■ About this task: From the line with "Smocked panels detail" to the line with "2時間をゆっくり食べるので後", output every line below exactly, both ends included. Skip the pictures.

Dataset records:
***
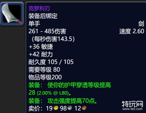60级近战大菜刀克罗之刃的升级版,2.6的攻速和破甲属性销路更广,冰DK也能用。
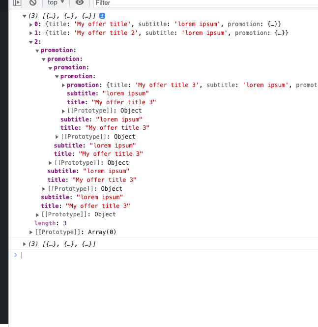 I have some javascript where I’m trying to create a promotion within each of my promotion items. Right now though, for some reason it keeps on nesting itself indefinitely, and I only need it to contain one reference (see screenshot)
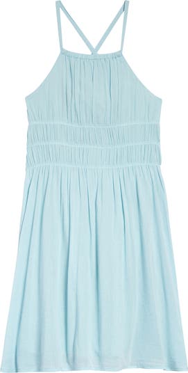 Smocked panels detail the bodice of a sweet sundress with a halter neck and slim straps that cross at the back.
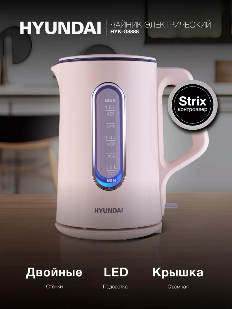Электрический чайник Hyundai HYK-G8888 с мощностью в 1700 Вт обеспечивает быстрый и эффективный нагрев, а объем в 1.5 литра идеально подходит для приготовления напитков для семьи или небольшой компании.
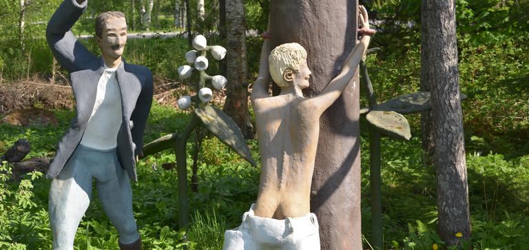 Parikkalan Patsaspuiston rehevästä puutarhasta löydät satojen hätkähdyttävien betonihahmojen mystisen...
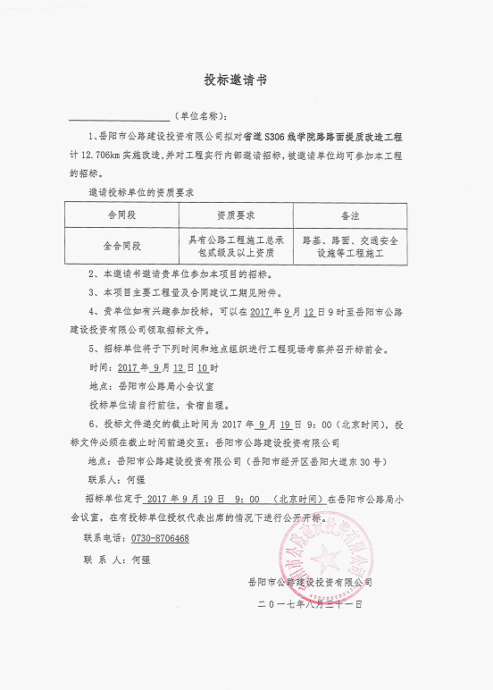 岳阳市公路建设投资有限公司拟对省道S306线学院路路面提质改造工程计12.706km实施公路提质改造,工程内容包括:路基、路面、交通安全设施等工程施工,并对工程实行内部邀请招标。
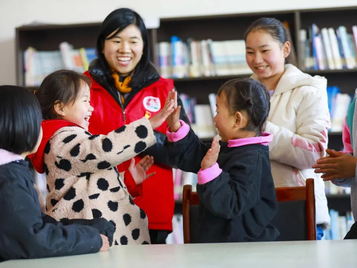 2023年1月8日,党员志愿者在贵州省黔西市雨朵镇易地扶贫搬迁点农家书屋的活动室里和孩子们一起做拍拍手游戏。通讯员 周训超 摄
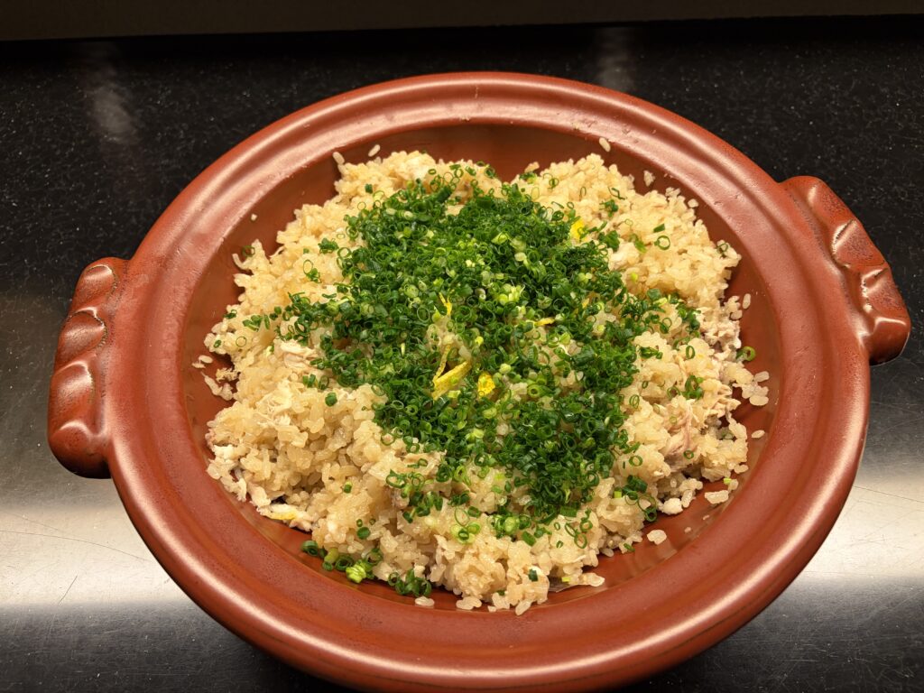 2時間をゆっくり食べるので後半はお腹一杯みたいで、最後の鯛飯はお持ち帰ることに。
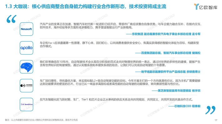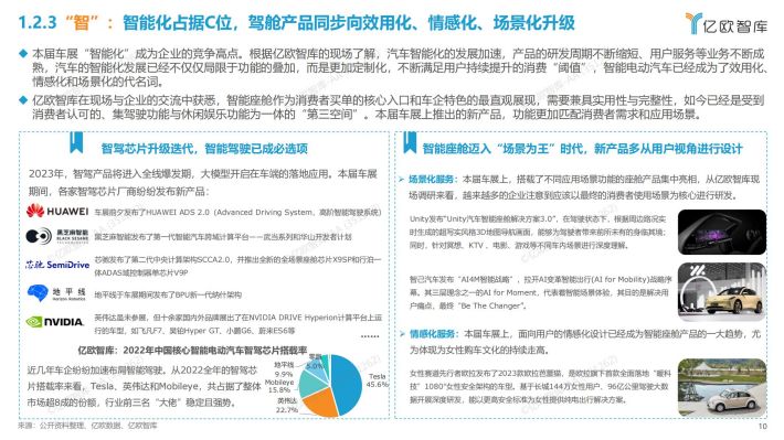 科技企业步步紧追拓生态:众多科技企业拓展汽车版图,带着新产品与新技术参展上海车展,以构建智能化解决方案为途径广泛拓展生态,通过广泛的合作,扩大企业“生态圈”;
***
■ Answer:
 Smocked panels detail the bodice of a sweet sundress with a halter neck and slim straps that cross at the back.
Электрический чайник Hyundai HYK-G8888 с мощностью в 1700 Вт обеспечивает быстрый и эффективный нагрев, а объем в 1.5 литра идеально подходит для приготовления напитков для семьи или небольшой компании.
 Parikkalan Patsaspuiston rehevästä puutarhasta löydät satojen hätkähdyttävien betonihahmojen mystisen...
 岳阳市公路建设投资有限公司拟对省道S306线学院路路面提质改造工程计12.706km实施公路提质改造,工程内容包括:路基、路面、交通安全设施等工程施工,并对工程实行内部邀请招标。
 2023年1月8日,党员志愿者在贵州省黔西市雨朵镇易地扶贫搬迁点农家书屋的活动室里和孩子们一起做拍拍手游戏。通讯员 周训超 摄
 2時間をゆっくり食べるので後半はお腹一杯みたいで、最後の鯛飯はお持ち帰ることに。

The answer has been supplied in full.